■ **Aim of the exercise**
Only the lines from the line with "In addition to" through the end of the records belong in your reply, copied exactly, with every picture left out.

Stored data entries:
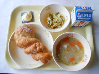 揚げパン 牛乳 ポトフ 茎わかめのサラダ
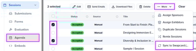 In addition to syncing all sessions and their speakers, you have the ability to choose individual sessions to sync. This can be done under the Sessions > Agenda tab and by selecting the individual sessions you wish to sync. You will want to select your session(s) and then under 'More' click 'Sync to Swapcard'.
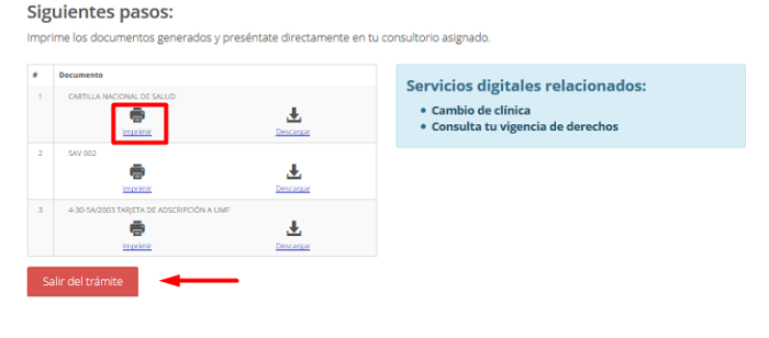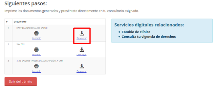 Te aparecerán tres opciones de los documentos que puedes imprimir directamente o descargarlos en tu computadora.
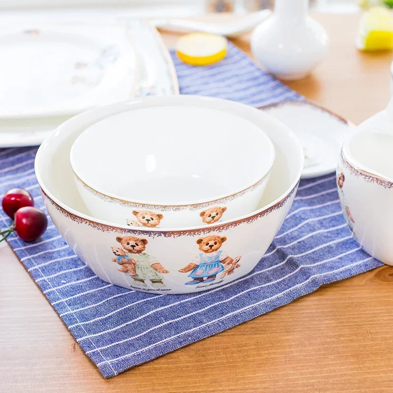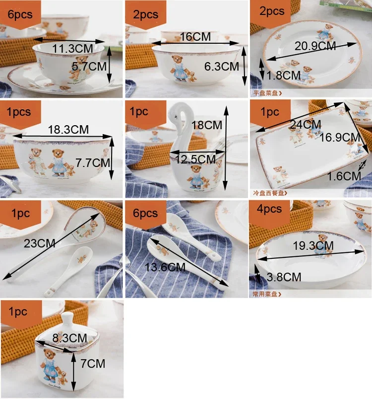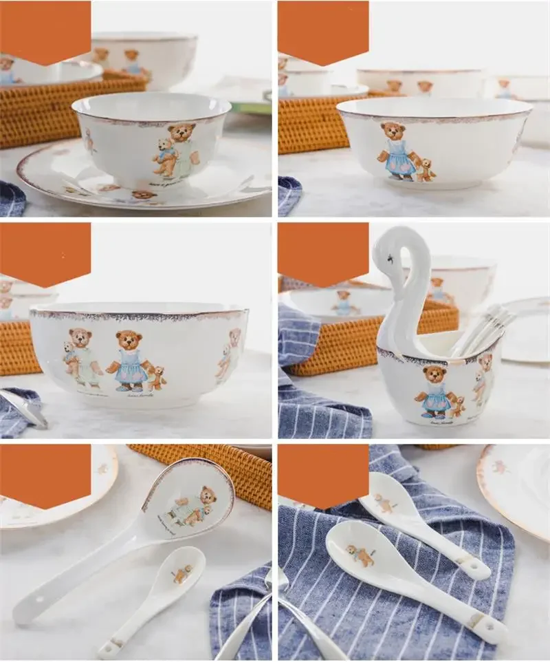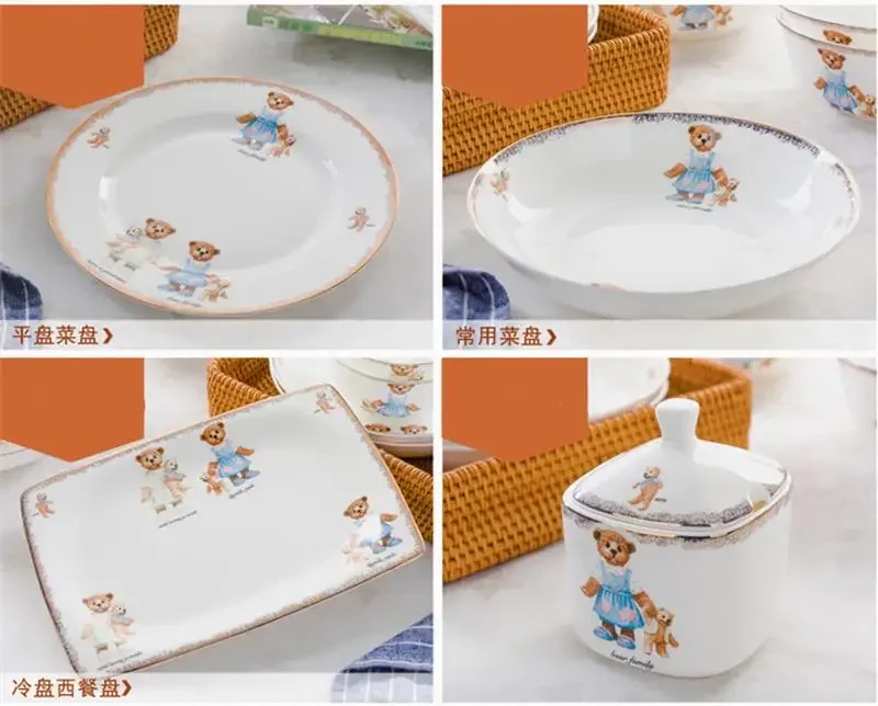 25pcs set, real bone china dinnerware set, cute bear painting, dinner chafing dish plate, ceramice kitchen food containers serve
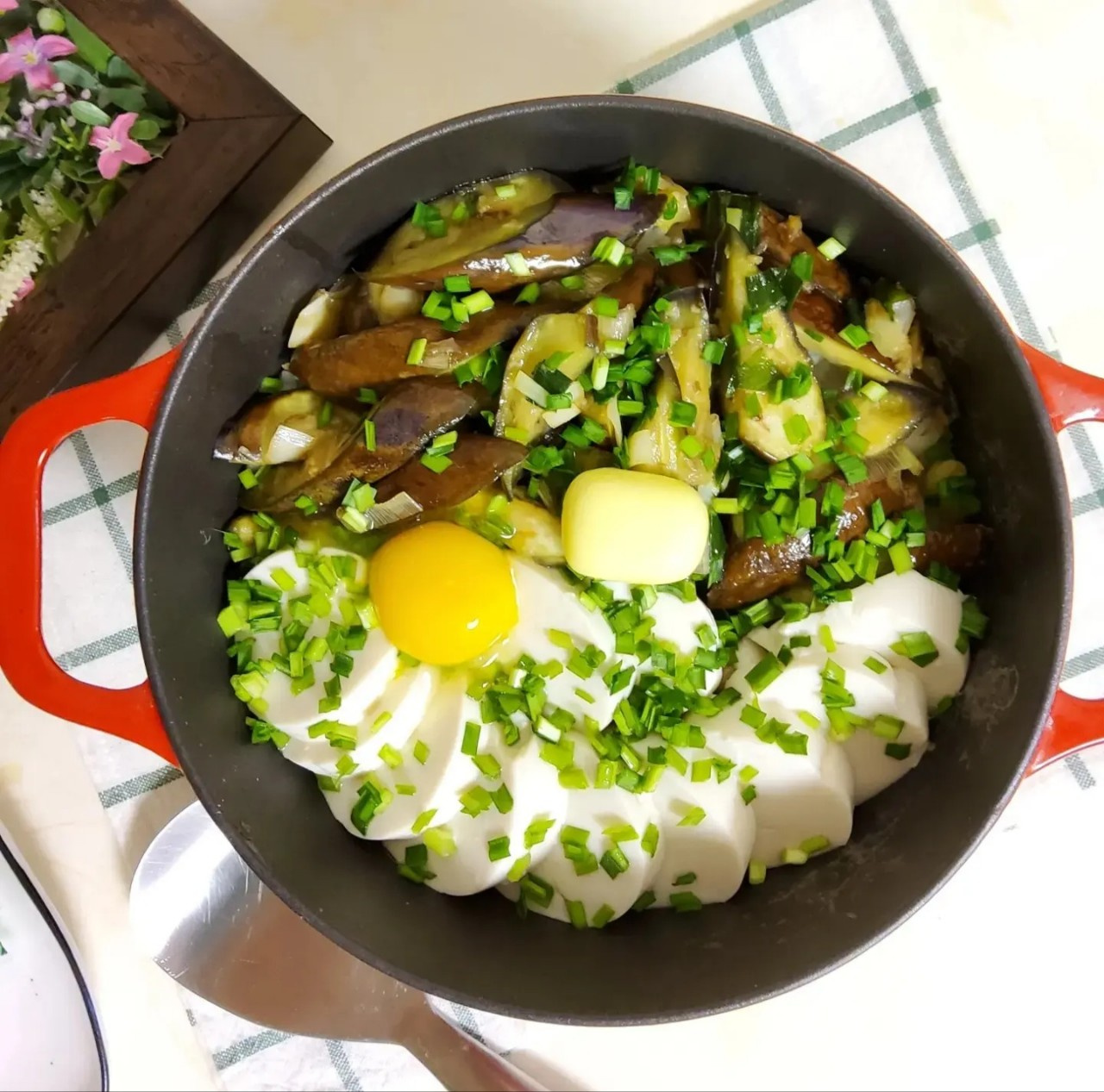 밥과 가지, 순두부가 뜸을 들이는 동안, 밥 위에 올릴 준비를 합니다. 밥에 열기가 오르고 뜸이 어느 정도 들었을 때, 따뜻한 밥 위에 버터 한 조각과 달걀 노른자를 올려주면 더욱 고소하고 풍부한 맛을 즐길 수 있습니다. (버터와 노른자는 선택 사항입니다.)

■ **Problem solution**
 In addition to syncing all sessions and their speakers, you have the ability to choose individual sessions to sync. This can be done under the Sessions > Agenda tab and by selecting the individual sessions you wish to sync. You will want to select your session(s) and then under 'More' click 'Sync to Swapcard'.
 Te aparecerán tres opciones de los documentos que puedes imprimir directamente o descargarlos en tu computadora.
 25pcs set, real bone china dinnerware set, cute bear painting, dinner chafing dish plate, ceramice kitchen food containers serve
 밥과 가지, 순두부가 뜸을 들이는 동안, 밥 위에 올릴 준비를 합니다. 밥에 열기가 오르고 뜸이 어느 정도 들었을 때, 따뜻한 밥 위에 버터 한 조각과 달걀 노른자를 올려주면 더욱 고소하고 풍부한 맛을 즐길 수 있습니다. (버터와 노른자는 선택 사항입니다.)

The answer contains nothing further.